Friday, 1 June 2018

Norwegian- and Swedish-brewed Lager in the UK 1955 - 1963

You may recall me expressing some surprise that Norway featured as a source of UK beer imports in the 1950s and 1960s. It seemed quite odd.

Then I got to thinking. Norway was one of the first places outside of central Europe to bottom ferment. There was a very simple reason why: they had an enormous supply of natural ice. Before the advent of artificial refrigeration, brewing Lager in a country with a temperate climate like the UK was problematic. Where would you get the ice required for lagering?

Some readers speculated that it was most likely Ringnes that brewed the imported Norwegian Lager. As it turns out, it looks like three breweries were in the business: Frydenlund and Schou, as well as Ringnes.

The Ringnes Export is a full-strength beer, so I doubt that it was made specifically for the UK market. The Frydenlund, on the other hand, has an OG similar to a domestic UK Lager. I'm not sure about Schou. The first two examples, though stronger than normal UK Lager, aren't quite full continental strength. While the final example is clearly designed for the UK.

I'm surprised at how strong Three Towns is. I though that was the classic mellanöl.

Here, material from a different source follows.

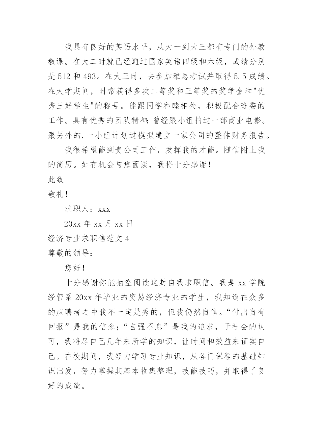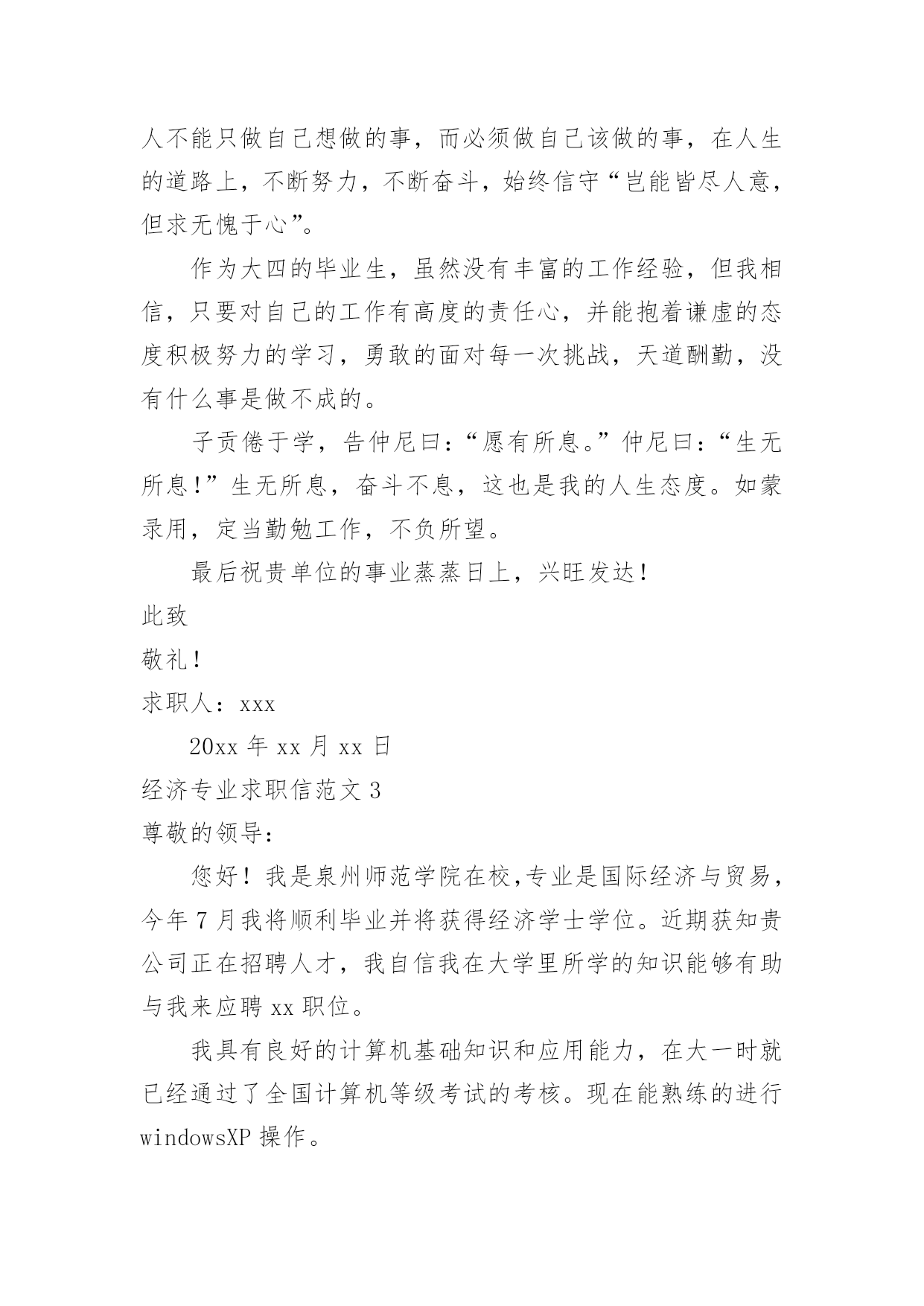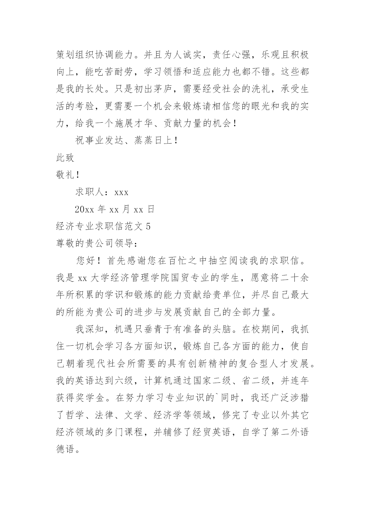 经济专业求职信经济专业求职信范文时间流逝得如此之快,迎接我们的将是新的工作机会,新的挑战,现在的你想必是在写求职信吧。相信很多人都十分头疼怎么写一封精彩的求职信吧,下面是小编精心整理的经济专业求职信范文,仅供参考,欢迎大家阅读。经济专业求职信范文1尊敬的领导:你好,我是毕业于贵州财经大学的xx届环境资源与开展经济学专业,以下是我求职于贵单位的求职信。大学时期,我主修的专业是环境资源与开展经济学。主修的课程有《环境资源管理学》《微观经济学》《微观经济学》《环境资源法学》《管理学》《东方经济学》《开展经济学》《环境生态与自然资源概论》《环境资源经济学》等二十多门课程,学习的内容是围绕怎样样无效应用、维护、规划的我们的环境资源,使我们的环境资源效益最大化。学习这个专业,我觉得是对世界,对人类,对我们国度的`环境有很大益处。希望指导看完我的求职信能给我一个到贵单位实习的时机,使我能把本人所学习到的知识使用到任务中去,为我们的环境,我们的国度奉献本人一份微薄的力气,使我们的环境更美丽,资源运用率高效。最初感激指导在百忙中抽空月底我的求职信,祝任务顺利,身体安康!此致敬礼!求职人:xxx20xx年xx月xx日经济专业求职信范文2尊敬的领导:您好!我是湖南农业大学15级经济学院金融系的毕业生,非常感谢您在百忙之中抽空来垂阅我的求职信。光阴似箭,大学四年转瞬即逝,如今的我已站在人生的重要路口上,满怀着激动与兴奋,准备踏入一个全新的舞台,充满了光芒与机遇,也充满了竞争与挑战。在此,诚挚的希望贵单位能给我一个实现人生价值的`机会,让我能在这个舞台上展示自己,证明自己。大学四年,通过系统的专业知识的学习,我对金融这门学科有了比较深刻的了解,具备了深厚的理论知识及相当的实践操作能力。同时,在课余时间自学法律知识,把金融与法律知识有机融合起来。除此之外,我也积极参加各项实践活动。在各项活动中,培养了自身的组织管理能力和团队协作精神,能迅速融入团队,有较强的适应能力及快速学习能力,并建立了高度的责任心。实践活动的参与,除了让我的能力得到锻炼之外,也让我明白了许多为人处世的道理。人不能只做自己想做的事,而必须做自己该做的事,在人生的道路上,不断努力,不断奋斗,始终信守“岂能皆尽人意,但求无愧于心”。作为大四的毕业生,虽然没有丰富的工作经验,但我相信,只要对自己的工作有高度的责任心,并能抱着谦虚的态度积极努力的学习,勇敢的面对每一次挑战,天道酬勤,没有什么事是做不成的。子贡倦于学,告仲尼曰:“愿有所息。”仲尼曰:“生无所息!”生无所息,奋斗不息,这也是我的人生态度。如蒙录用,定当勤勉工作,不负所望。最后祝贵单位的事业蒸蒸日上,兴旺发达!此致敬礼!求职人:xxx20xx年xx月xx日经济专业求职信范文3尊敬的领导:您好!我是泉州师范学院在校,专业是国际经济与贸易,今年7月我将顺利毕业并将获得经济学士学位。近期获知贵公司正在招聘人才,我自信我在大学里所学的知识能够有助与我来应聘xx职位。我具有良好的计算机基础知识和应用能力,在大一时就已经通过了全国计算机等级考试的考核。现在能熟练的进行windowsXP操作。我具有良好的英语水平,从大一到大三都有专门的外教教课。在大二时就已经通过国家英语四级和六级,成绩分别是512和493。在大三时,去参加雅思考试并取得5.5成绩。在大学期间,时常获得多次二等奖和三等奖的奖学金和"优秀三好学生"的称号。能跟同学和睦相处,积极配合班委的工作。具有优秀的团队精神:曾经跟小组拍过一部商业电影。跟另外的.一小组计划过模拟建立一家公司的整体财务报告。我很希望能到贵公司工作,发挥我的才能。随信附上我的简历。如有机会与您面谈,我将十分感谢!此致敬礼!求职人:xxx20xx年xx月xx日经济专业求职信范文4尊敬的领导:您好!十分感谢你能抽空阅读这封自我求职信。我是xx学院经管系20xx年毕业的贸易经济专业的学生,我知道在众多的应聘者之中我不一定是秀的,但我仍然自信。“付出自有回报”是我的信念;“自强不息”是我的追求,于社会的认可,我将尽自己几年来所学的知识,让时间和效益来证实自己。在校期间,我努力学习专业知识,从各门课程的基础知识出发,努力掌握其基本收集整理,技能技巧,并取得了良好的成绩。21世纪需要的'是综合素质人才,深知这点的我,在大二开始时就自学了Word20xx和Excel20xx等办公室软件、计算机的日常操作。本着自己锐意进取,敬业爱群和乐于助人的作风及表现,连续两年担任班里的干部,赢得了老师、同学们的信任和赞誉,并获得了“优秀班干部”和“优秀团员”的称号,在两年的班干部生活中使自己锻炼了一定的组织、管理、协调能力。为了尽快缩小理论与实践的差距,大三上学期参加短期实习,积累了一定的经验,进一步使我把理论知识融会到实践当中去,为参加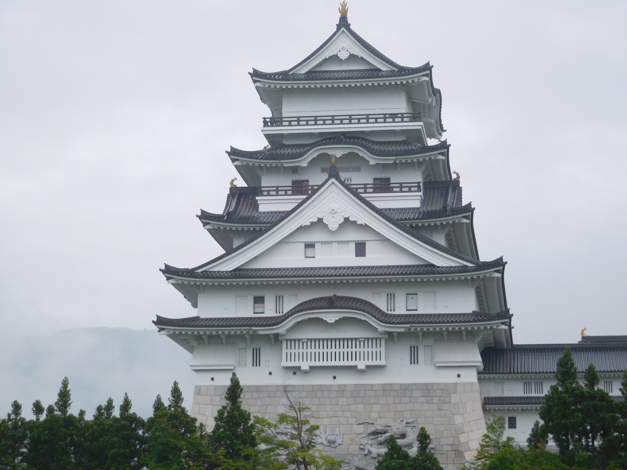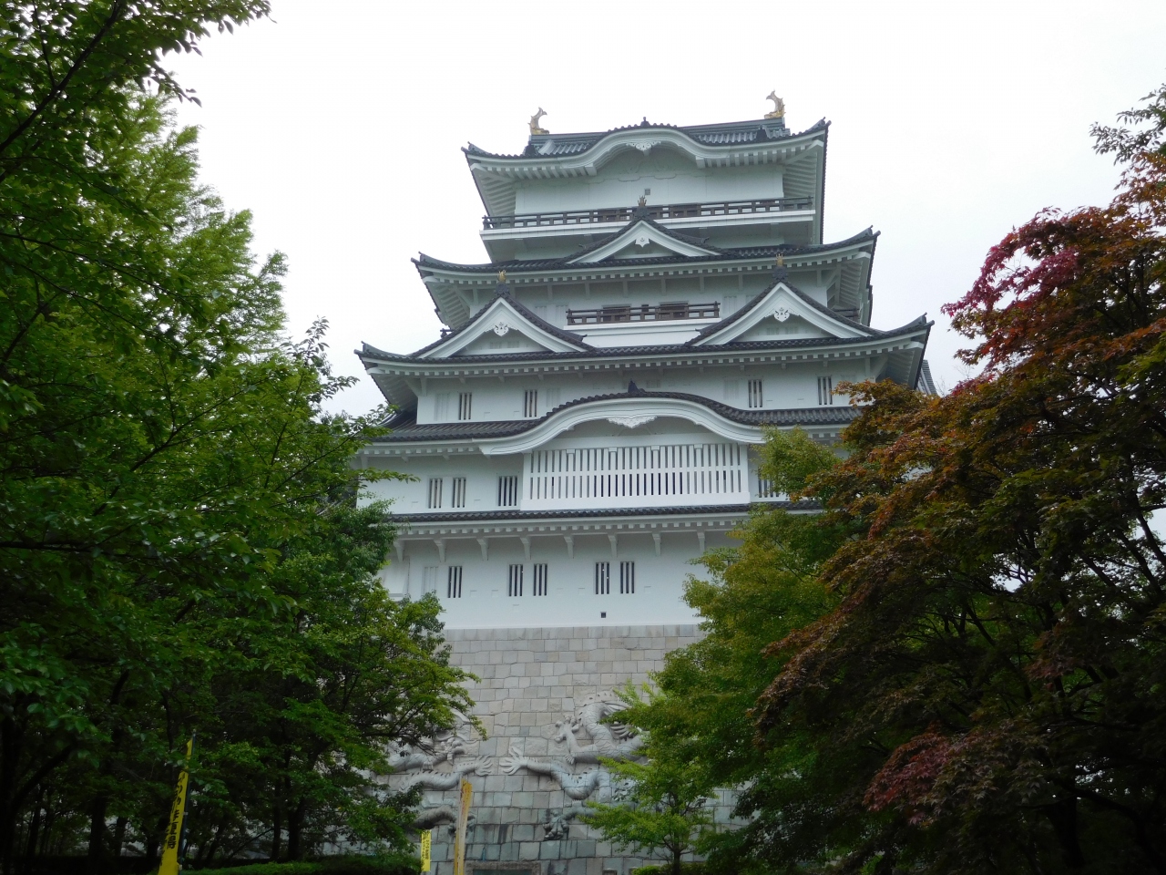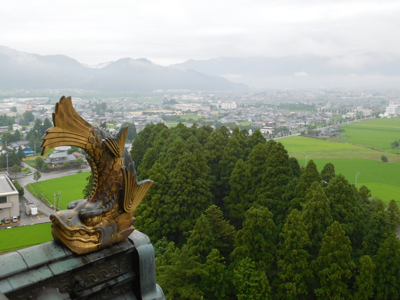 田園風景の広がる中に、日本一の天守閣があるお城があるので、遠くからでもとても目立ちます。どんなお城か気になるので、行ってみる事にしました。城壁には、九頭竜にちなんで合計9匹の龍が彫刻されていて、近くで見るとかなり迫力がありました。日本のお城なのに、中国の文化を取り入れているような感じで、ちょっと違和感もありましたが、模擬天守だからこのデザインになったのかなと思いました。お城の中は、コレクションの展示といった感じでした。これだけ広いお城(博物館)ですが、中は土足禁止でスリッパに履き替えての見学でした。

Norwegian- and Swedish-brewed Lager in the UK 1955 - 1963
Year Brewer Beer Price per pint d OG FG ABV App. Atten-uation colour
1956 Frydenlund Peak Lager 30 1034.3 1005.7 3.72 83.38% 12
1959 Frydenlund Peak Lager 1036.6 1007.5 3.78 79.51% 17
1955 Ringnes Export Pilsener 48 1053.8 1010.9 5.59 79.74% 11
1957 Ringnes Export Lager Beer 1052.5 1006.9 5.96 86.86% 13
1957 Ringnes Export Lager 48 1054.5 1008.8 5.97 83.85% 9.5
1957 Schou Norwegian Beer 1042.2 1006.6 4.64 84.36% 12
1959 Schou Norwegian Beer 36 1041.2 1005.5 4.66 86.65% 8.5
1963 Schou Export Lager 34 1030.4 1003 3.43 90.13% 6
1955 Swedish Beer Export Co. Three Towns Beer 30 1052.9 1008.7 5.77 83.55% 9
Average 37.7 1044.3 1007.1 4.84 84.23% 11.1
Source:
Whitbread Gravity book held at the London Metropolitan Archives, document number LMA/4453/D/02/002.

6 comments:

Bacon said...

According to the current owners of the Three Towns brand, Galatea, the beer was first brewed as starköl for export, mainly to the US. It was no success abroad but became popular in its home market, and when the law was changed in 1965 to allow the mellanöl class of beer to be sold, the famous (in Sweden) mellanöl version was introduced.

Anonymous said...

Three Towns started as an Export strenght brand post 1955 (introduction of class III beer to the Swedish monopoly), brewed by Pripps, Skånebryggerier and St Eriks. Once class IIB or mellanöl was introduced it became a well known brand of mellanöl. It was however also brewed as class I (lättöl). I suppose the English name was intended to give the beer a better chance in Export markets whilst refering to the three towns or cities of the founding breweries.

Unknown said...

Interesting series of posts. I don't understand how Whitbread would know the OG and FG of their competitors beers. Why would this data come from the Whitbread Gravity Book?

Ron Pattinson said...

Kathy Scott,

it was very simple: Whitbread bought samples of their competitors' beers and analysed them. The Gravity Book recorded the results. They weren't the only brewery to do it. They just have the most extensive and long lasted version I've come across. It's one of the most important documents on Britiish beer in the 20th century.

Unknown said...

Ron,

Thanks for that.
Do you know how they worked out the OG and the attenuation? You know the FG and the ABV in the finished beer. If I knew the attenuation I could work out the OG or if I knew the OG I could work out the attenuation. I'm not sure how you could measure both variables from just the finished beer. Must be a way if Whitbread did it.

Ron Pattinson said...

Kathy Scott,

they've been chemically analysing beer for 200 years. You weigh and take the gravity of the finished beer, then heat it up to drive off the alcohol and weigh it again to get the ABW. Then you can work out what the OG was.

The Whitbread Gravity Book doesn't list ABW or ABV, just OG and FG. I calculate the ABV from those.